Rarely can a $150,000 Corvette be considered “bargain-priced” but that is exactly what Classic Auto Sales in Omaha, NE is calling the Bentley Meteor Blue 1959 Resto-Mod that they currently have in their inventory.
The specifics of this quarter-million-dollar build are as interesting as they are impressive. AutoKraft Racecars & Restoration in Eau Clair, WI was approached by the original owner, Gumer Alvero to build him a high-end C1 VetteRod and this stunner is how they delivered.
Instead of starting with an original ’59 body and rendering it nearly unrecognizable, AutoKraft sourced a Downs Manufacturing aftermarket body as their canvas.
Providing power to this blue beauty is an LS3 crate engine with forged internals and a hotter cam. It was Dyno’d before installation where it showed 550 Horsepower and 520 lb-ft of torque at the flywheel. All of that twist is sent to the nine-inch Ford rear-end (3.73 gears) through a Tremec T56 six-speed manual transmission. The LS7 clutch, throttle, and C6 disk brakes with ZR1 Blue calipers are controlled by wildwood pedals.
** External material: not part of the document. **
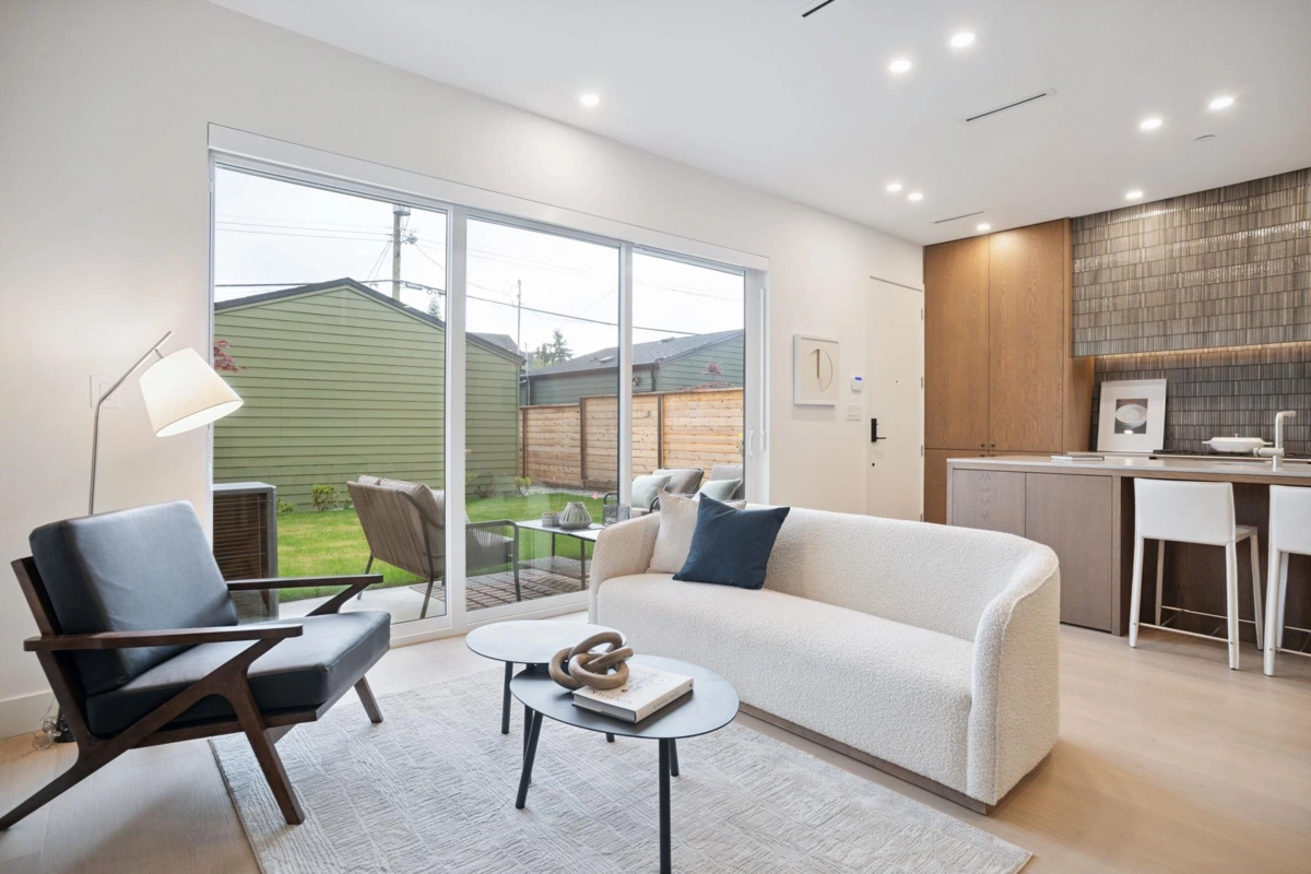 Mizan Developments & Architrix Design Studio present this stylish 1/2 duplex home in the desirable Kensington/Cedar Cottage neighbourhood of East Van. Each home offers 3 beds+Den/3.5 baths, an open-concept main floor, and luxurious earth-tone finishes, including quartz countertops, brushed oak flooring, and a gas fireplace. Kitchens feature large islands, Fisher Paykel appliances, and custom cabinetry, leading to spacious at grade outdoor patio and fully fenced private yard. The primary bedroom has a spa-like ensuite and large walk-through closet. Spacious upper level bedroom with sliding doors leading to the deck to enjoy the view. Detached garage with EV capable parking. Schools:Lord Selkirk Elem & Gladstone Secondary.

British luxury automaker, Bentley, didn’t just provide the paint but also the exhaust tips which AutoKraft installed after noticing that they perfectly fit the contour of the ’59 ‘Vette’s body.
One of the most striking of the other exterior modifications is the custom-cut frameless windshield that concurrently gives off contemporary and classic hot-rod looks.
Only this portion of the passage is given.